Roman De La Rose ( 2002-2004 )
Roman De La Rose ( 2002-2004 )
Roman de la Rose I
The Garden was Most Beautifully Situated
2002
Oil on canvas (unstretched)
196x238.5 cm
Roman de la Rose II
The Sweet Scent of the Roses Penetrated my Very Entrails,
and I Was All but Filled with Their Fragrance
2003
Oil on canvas
132x172.5 cm
Roman de la Rose III
Pleasure and His Followers Often Came to Amuse Themselves
and Enjoy the Shade of this Place
2003
Oil on canvas
132x173 cm
Roman de la Rose VI
Fair Welcome (I would Become a Martyr to Love)
2004
Oil on canvas
107x132 cm
Roman de la Rose V
Wealth Shone Radiantly, As did the Area Around About Her
2004
Oil on canvas
105x132 cm
The Roman de la Rose, one of the most copied, and commented on, of medieval vernacular texts, has retained its enigmatic character through the centuries. Rich in meanings, elusive in meaning, it has generated a variety of interpretations in the nineteenth and twentieth centuries. Kevin Brownlee and Sylvia Huot have provided a synopsis of the literary debates surrounding the Roman de la Rose, ranging from the Christian allegorical school of D.H.Robertson to the philosophical perspectives of neo-Platonism and the more purely literary concerns of structure, genre and discourse. Most recently there has been attention paid to receptivity, both as a subject of intrinsic interest and as an entree into the meaning of a controversial text. The Roman de la Rose has not, to my knowledge, been placed within the context of the eleventh-twelfth-and thirteenth century debates over married clergy, homosexuality, and concerns over natural and unnatural love, perhaps because scholars have viewed it usually through the lens of courtly love literature and, more recently, Christine de Pizan’s assault on its misogyny.

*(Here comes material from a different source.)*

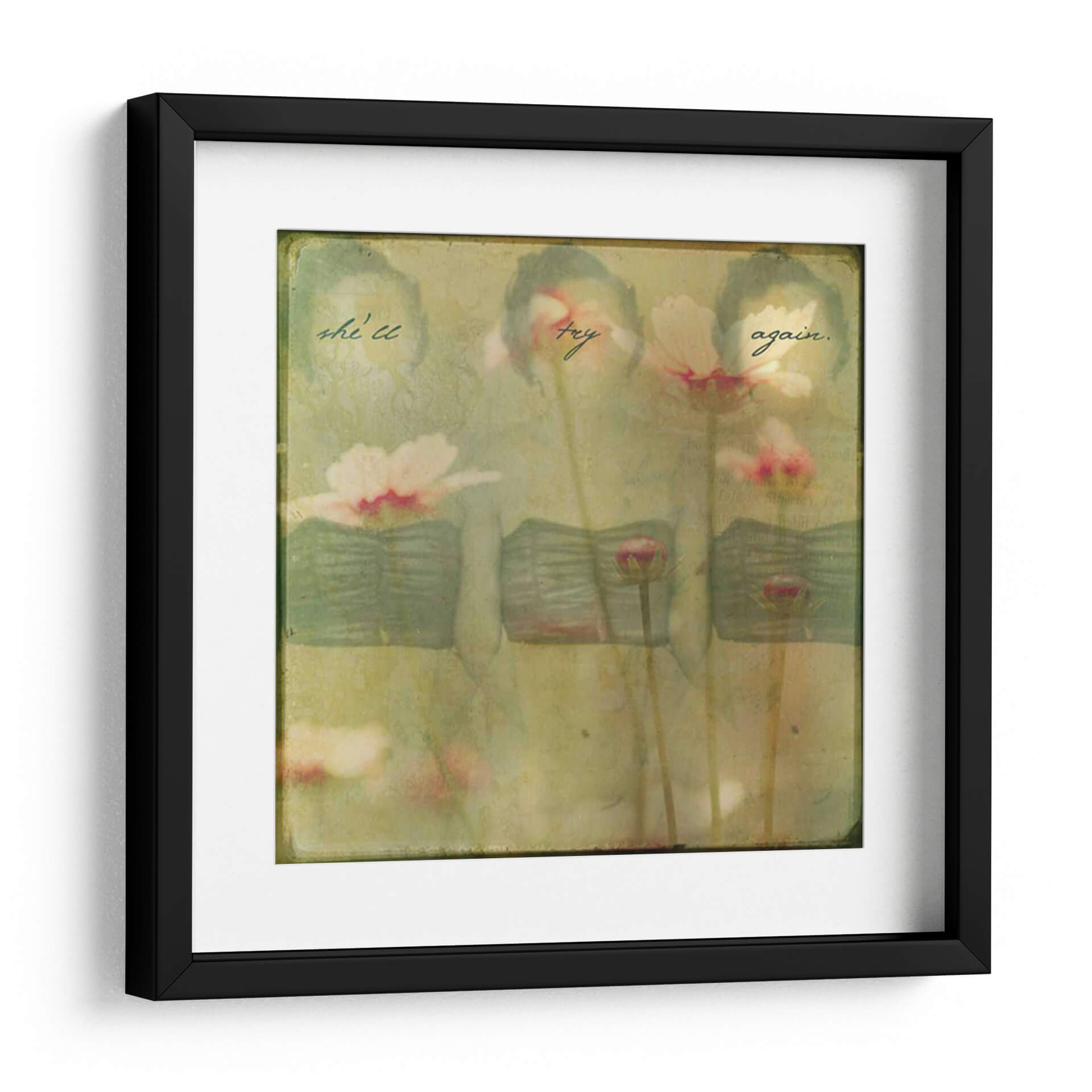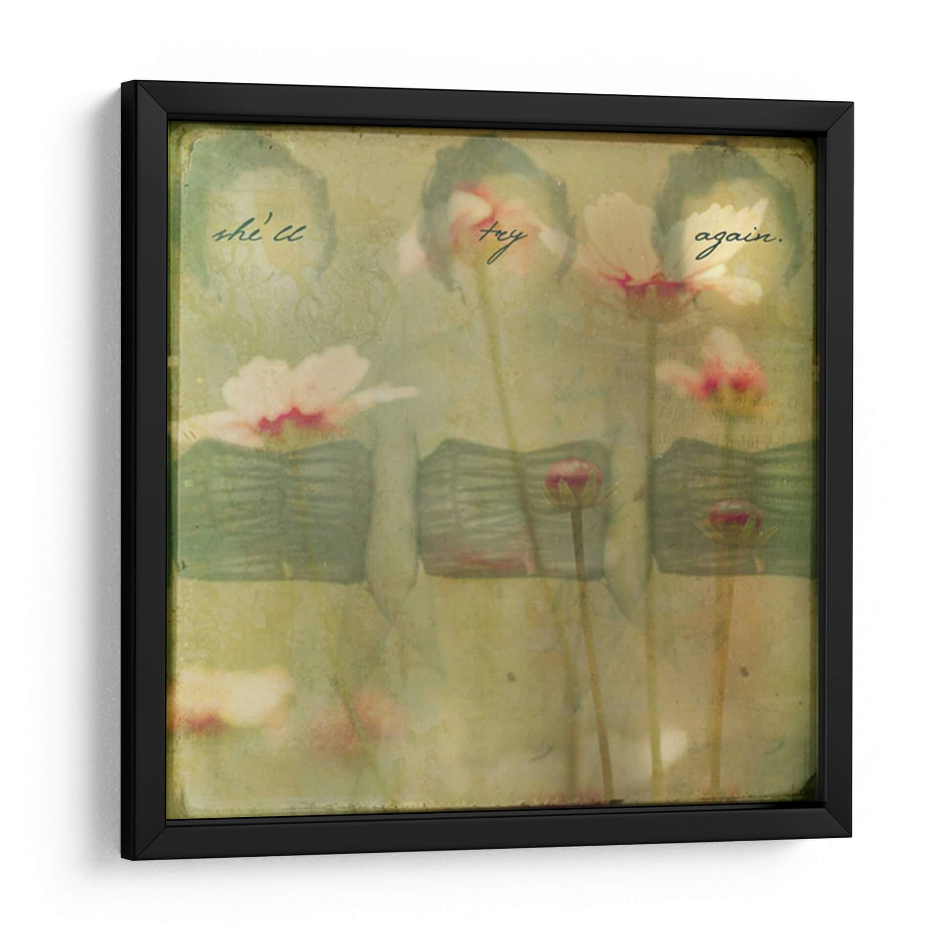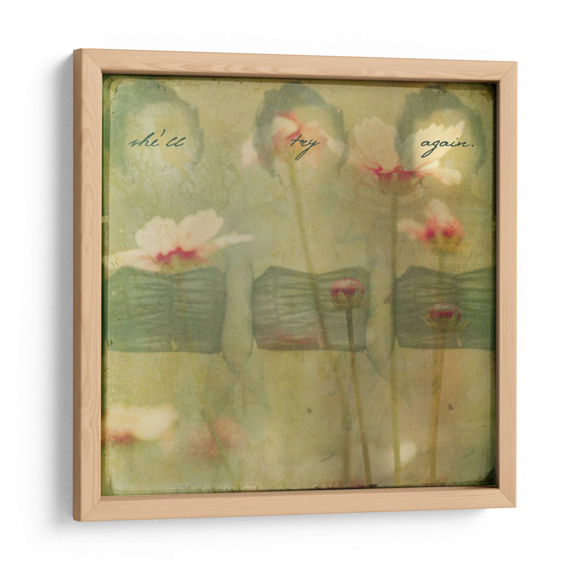 Sumérgete en la delicadeza y la perseverancia con "Ella III", una obra de arte que evoca una atmósfera etérea y reflexiva. La pieza presenta figuras femeninas etéreas, sutilmente superpuestas y rodeadas de flores delicadas, creando una composición onírica. La paleta de colores se centra en tonos verdes y sepia, con toques de rosa y blanco en las flores, que aportan suavidad y un aire vintage. La textura de fondo sugiere páginas de un libro antiguo, añadiendo profundidad y un carácter melancólico. El estilo, una mezcla de fotografía intervenida y arte digital, transmite una sensación de ensueño y nostalgia. El texto escrito a mano, "she'll try again", infunde un mensaje de resiliencia y esperanza, haciendo de este cuadro decorativo una pieza inspiradora. Es ideal para espacios que buscan un toque de introspección y belleza sutil, como un dormitorio sereno, un rincón de lectura acogedor o una sala de estar que aspire a la calma y la elegancia. Este cuadro decorativo abstracto de Jennifer Jorgensen invita a la contemplación, convirtiéndose en un punto focal de conversación y serenidad en cualquier ambiente.

This paper, a tentative approach by someone who is not an expert in this area or on this text, argues that Guillaume de Lorris offers a veiled description of a male to male love relationship. Jean de Meun then re-describes Guillaume’s text, extending it with debates and digressions that focus, among other matters, on the issue of natural and unnatural love, and supplying a heterosexual ending while nevertheless remaining ambivalent with regard to the female sex. Although there are other interpretative paths that provide entrees into the homosexual concerns in the text, the path that I would like to pursue begins with the argument that homosexual behavior was reinterpreted in late twelfth and early thirteenth century Europe as unnatural and even horrific.
Extract from ‘The Roman de la Rose and Thirteenth Century Prohibitions of Homosexuality’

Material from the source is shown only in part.